You should not have to "unmavenize" your project. (Although I understand the troubleshooting reasoning for suggesting you do such.) I suspect the issue is a corrupted cache or index. Go to File > Invalidate Cache. Select to invalidate the cache and then restart IDEA. Let IDEA re-index the project. Things should be fine. If not, check that 1) you are using the latest version of IDEA (12.1.5) and 2) the latest version of the Groovy plug-in (File > Settings > [IDE Settings] > Plugins).
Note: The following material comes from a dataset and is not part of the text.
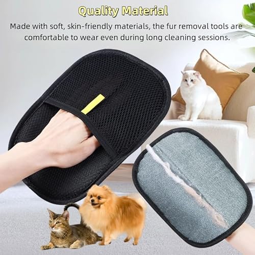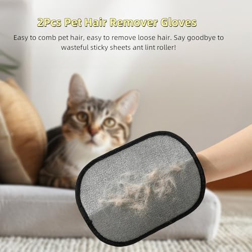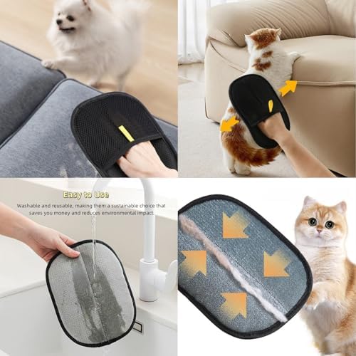 【Easy to Use】No more repetitive rolling or struggling to pick up stubborn debris! Comb back and forth, cat hair will automatically attach to the middle of the glove in sheets, just tear it off gently. These pet hair removal gloves are washable and reusable, making them a sustainable choice that saves you money and reduces environmental impact.

When you do use maven, you will need to identify the "groovy" directory as an additional source directory in your POM. If you do not, when IDEA re-imports the project (i.e. re-syncs to the POM), it will drop the groovy directory as a source since by default maven does not consider it a source. How you do this depends on what plugin you use. Since GMaven is no longer maintained, I've been using the groovy-eclipse-compiler plugin. If you use that plug-in, the plug-in will automatically include src/main/groovy as a source (as long as there is at least one java or groovy file in src/main/java). However, IDEA does not pick that directory up and include it as a source as well. That means if you manually (or IDEA automatically) runs a maven re-import, your src/main/groovy directory will get unmarked as a source, and IDEA will show compile errors. You need to specify the additional directory. You can use the build-helper-maven-plugin to do this as the groovy-eclipse-compiler documentation recommends.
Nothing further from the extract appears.